─── DATA FOR ANALYSIS

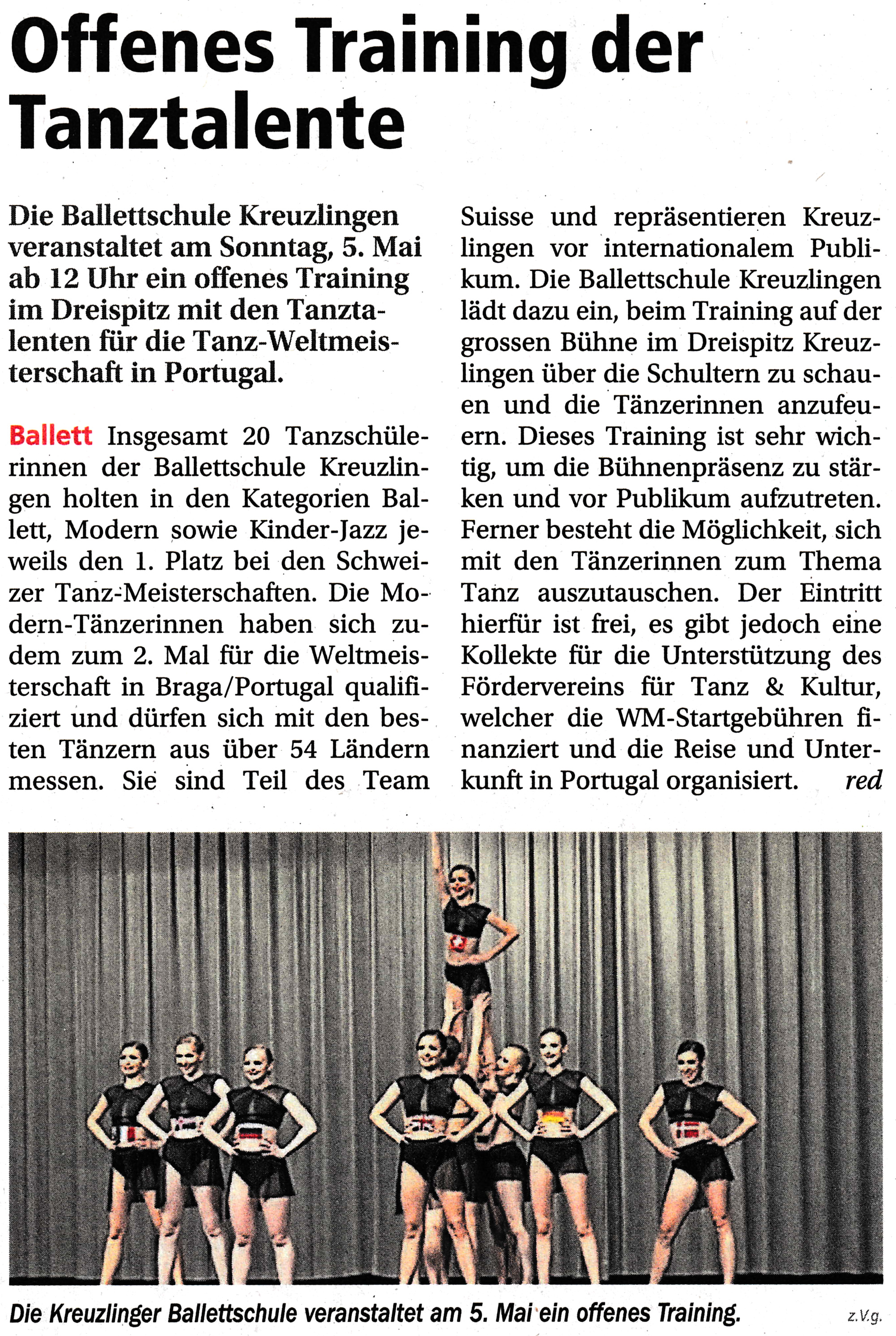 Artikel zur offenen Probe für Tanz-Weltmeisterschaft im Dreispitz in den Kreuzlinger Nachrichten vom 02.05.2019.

──────
─── DATA FOR ANALYSIS

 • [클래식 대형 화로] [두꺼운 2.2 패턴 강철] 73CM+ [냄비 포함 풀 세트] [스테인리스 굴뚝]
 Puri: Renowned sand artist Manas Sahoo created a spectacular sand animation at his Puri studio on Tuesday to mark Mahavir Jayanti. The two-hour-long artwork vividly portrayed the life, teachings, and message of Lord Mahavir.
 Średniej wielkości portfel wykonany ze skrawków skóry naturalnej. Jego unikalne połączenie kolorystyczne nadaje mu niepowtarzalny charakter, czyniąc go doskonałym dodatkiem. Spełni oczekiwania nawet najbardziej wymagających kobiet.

──────
─── DATA FOR ANALYSIS

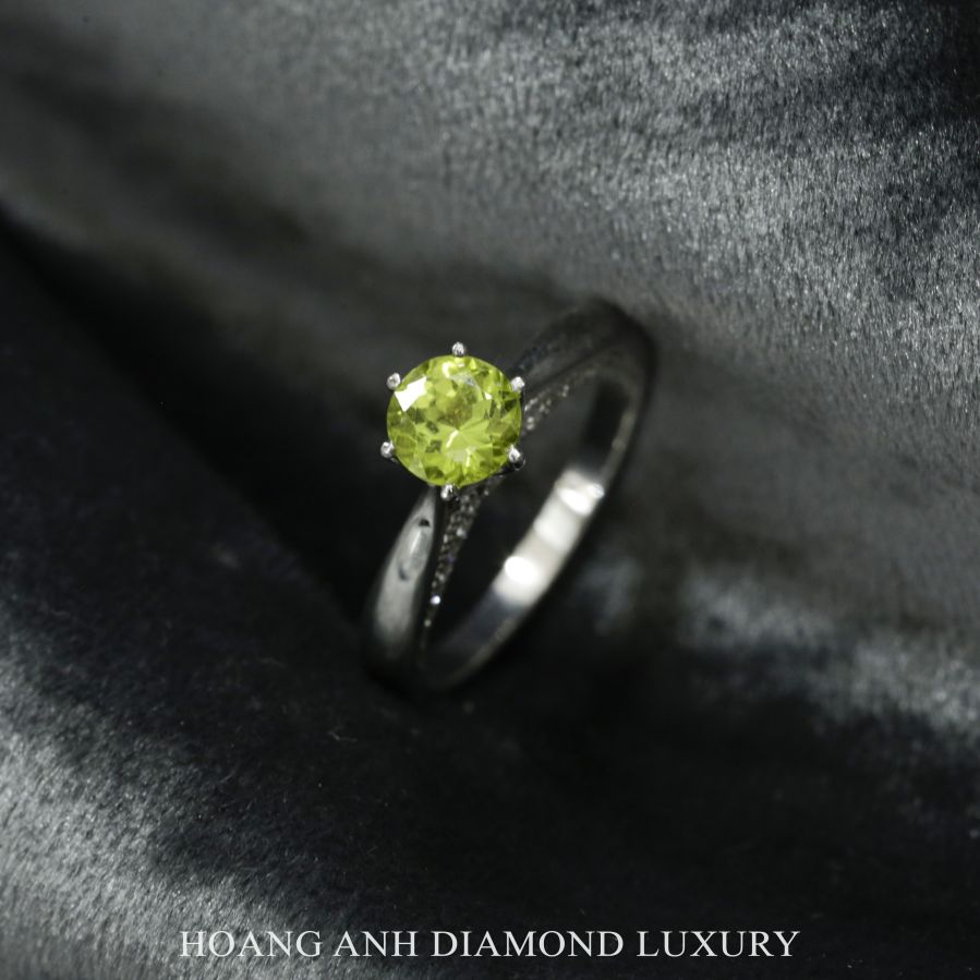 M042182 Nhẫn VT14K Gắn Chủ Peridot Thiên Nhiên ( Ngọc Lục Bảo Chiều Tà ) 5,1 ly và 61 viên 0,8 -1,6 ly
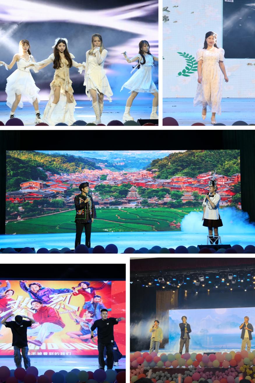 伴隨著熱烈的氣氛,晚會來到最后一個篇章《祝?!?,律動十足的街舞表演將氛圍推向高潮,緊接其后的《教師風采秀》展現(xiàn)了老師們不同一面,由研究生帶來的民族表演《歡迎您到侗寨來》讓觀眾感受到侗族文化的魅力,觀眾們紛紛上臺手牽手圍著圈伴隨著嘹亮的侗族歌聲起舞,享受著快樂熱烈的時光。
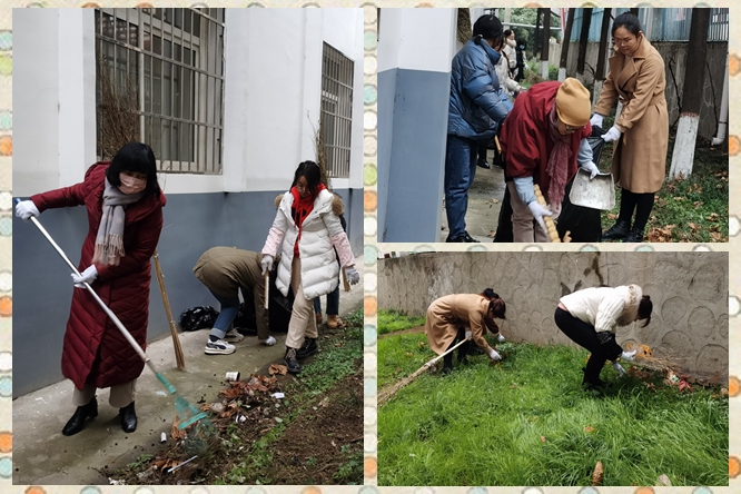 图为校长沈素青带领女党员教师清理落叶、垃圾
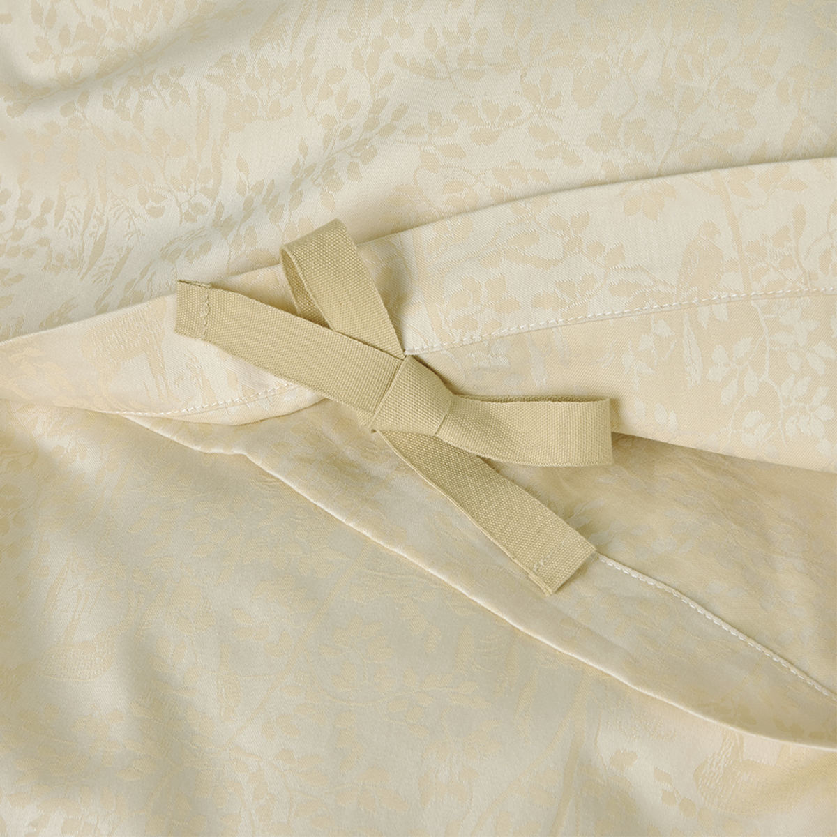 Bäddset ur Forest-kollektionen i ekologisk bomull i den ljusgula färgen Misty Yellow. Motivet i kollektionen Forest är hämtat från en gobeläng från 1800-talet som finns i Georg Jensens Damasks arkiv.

──────

◆ **PROBLEM DESCRIPTION**:
Only one part of the listing is wanted: the lines from the one containing "图为校长沈素青带领女党员教师清理落叶、垃圾" through the one containing "Bäddset ur Forest-kollektionen", both included. Please transcribe it exactly, leaving out the pictures.

◆ **RESULT**:
 图为校长沈素青带领女党员教师清理落叶、垃圾
 Bäddset ur Forest-kollektionen i ekologisk bomull i den ljusgula färgen Misty Yellow. Motivet i kollektionen Forest är hämtat från en gobeläng från 1800-talet som finns i Georg Jensens Damasks arkiv.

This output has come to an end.